SOURCE MATERIAL:
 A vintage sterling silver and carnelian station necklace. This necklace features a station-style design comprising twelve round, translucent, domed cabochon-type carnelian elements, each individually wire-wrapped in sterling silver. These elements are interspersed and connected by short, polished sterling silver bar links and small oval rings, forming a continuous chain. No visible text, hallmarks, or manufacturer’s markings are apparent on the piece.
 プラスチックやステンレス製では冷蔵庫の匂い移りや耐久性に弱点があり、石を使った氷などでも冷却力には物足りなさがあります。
==
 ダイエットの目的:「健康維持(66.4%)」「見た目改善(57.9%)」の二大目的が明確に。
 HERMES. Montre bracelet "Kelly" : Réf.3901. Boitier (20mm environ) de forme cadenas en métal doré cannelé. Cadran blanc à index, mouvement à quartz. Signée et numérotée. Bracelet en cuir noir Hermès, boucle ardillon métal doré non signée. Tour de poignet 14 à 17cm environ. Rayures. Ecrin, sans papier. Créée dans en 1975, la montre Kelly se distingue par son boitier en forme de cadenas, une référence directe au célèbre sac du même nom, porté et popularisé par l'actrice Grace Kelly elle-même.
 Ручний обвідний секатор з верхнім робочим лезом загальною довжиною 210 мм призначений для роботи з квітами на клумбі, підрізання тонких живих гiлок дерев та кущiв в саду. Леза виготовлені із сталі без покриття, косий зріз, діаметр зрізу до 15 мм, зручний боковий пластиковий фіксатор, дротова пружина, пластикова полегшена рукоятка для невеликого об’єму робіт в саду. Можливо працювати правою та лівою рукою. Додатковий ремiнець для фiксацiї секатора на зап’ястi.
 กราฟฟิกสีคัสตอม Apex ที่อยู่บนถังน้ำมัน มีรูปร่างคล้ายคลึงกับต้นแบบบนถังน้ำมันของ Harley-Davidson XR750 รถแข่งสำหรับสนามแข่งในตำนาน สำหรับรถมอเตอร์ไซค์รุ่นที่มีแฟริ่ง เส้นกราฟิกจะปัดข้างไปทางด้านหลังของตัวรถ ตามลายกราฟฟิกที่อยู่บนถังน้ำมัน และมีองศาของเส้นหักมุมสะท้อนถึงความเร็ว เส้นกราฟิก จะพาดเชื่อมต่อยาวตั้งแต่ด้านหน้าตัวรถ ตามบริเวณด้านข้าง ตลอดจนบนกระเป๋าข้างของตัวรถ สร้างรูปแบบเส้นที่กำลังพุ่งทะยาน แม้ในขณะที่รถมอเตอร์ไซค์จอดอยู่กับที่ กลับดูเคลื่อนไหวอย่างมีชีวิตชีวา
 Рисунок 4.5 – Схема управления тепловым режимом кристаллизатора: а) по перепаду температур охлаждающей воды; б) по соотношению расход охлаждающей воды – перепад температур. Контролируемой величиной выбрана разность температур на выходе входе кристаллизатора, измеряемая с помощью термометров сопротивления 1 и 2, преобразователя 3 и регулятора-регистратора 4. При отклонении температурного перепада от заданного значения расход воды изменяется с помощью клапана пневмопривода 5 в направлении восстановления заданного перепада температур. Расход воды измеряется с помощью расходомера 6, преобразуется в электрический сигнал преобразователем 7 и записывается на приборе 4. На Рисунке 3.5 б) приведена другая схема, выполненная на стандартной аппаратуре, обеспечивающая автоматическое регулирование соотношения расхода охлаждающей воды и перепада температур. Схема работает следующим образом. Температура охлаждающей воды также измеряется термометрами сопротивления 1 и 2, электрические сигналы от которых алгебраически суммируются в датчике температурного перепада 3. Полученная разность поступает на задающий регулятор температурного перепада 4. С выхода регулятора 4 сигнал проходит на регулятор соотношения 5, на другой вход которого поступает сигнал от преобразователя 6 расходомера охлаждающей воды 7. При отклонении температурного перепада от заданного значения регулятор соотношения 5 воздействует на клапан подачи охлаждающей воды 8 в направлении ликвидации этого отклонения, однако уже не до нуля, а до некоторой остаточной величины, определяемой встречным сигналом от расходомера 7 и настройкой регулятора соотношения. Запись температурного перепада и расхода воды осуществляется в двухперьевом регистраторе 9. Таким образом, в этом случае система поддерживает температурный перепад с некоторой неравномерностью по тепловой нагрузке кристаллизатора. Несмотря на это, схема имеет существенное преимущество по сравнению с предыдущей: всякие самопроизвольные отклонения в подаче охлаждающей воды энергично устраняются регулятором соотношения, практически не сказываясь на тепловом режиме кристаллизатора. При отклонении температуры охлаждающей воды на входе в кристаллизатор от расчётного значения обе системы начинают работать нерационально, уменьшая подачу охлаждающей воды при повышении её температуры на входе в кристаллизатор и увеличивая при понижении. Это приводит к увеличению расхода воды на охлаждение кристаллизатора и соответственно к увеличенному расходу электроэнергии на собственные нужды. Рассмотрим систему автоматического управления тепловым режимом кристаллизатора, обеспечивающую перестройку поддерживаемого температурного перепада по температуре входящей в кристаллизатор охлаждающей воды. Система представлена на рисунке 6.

EXERCISE AIM: Please give back, exactly as it stands above, the stretch from the line with "A vintage sterling" through the line with "プラスチックやステンレス製で", and no line outside it.

RESULT FOR THIS EXERCISE:
 A vintage sterling silver and carnelian station necklace. This necklace features a station-style design comprising twelve round, translucent, domed cabochon-type carnelian elements, each individually wire-wrapped in sterling silver. These elements are interspersed and connected by short, polished sterling silver bar links and small oval rings, forming a continuous chain. No visible text, hallmarks, or manufacturer’s markings are apparent on the piece.
 プラスチックやステンレス製では冷蔵庫の匂い移りや耐久性に弱点があり、石を使った氷などでも冷却力には物足りなさがあります。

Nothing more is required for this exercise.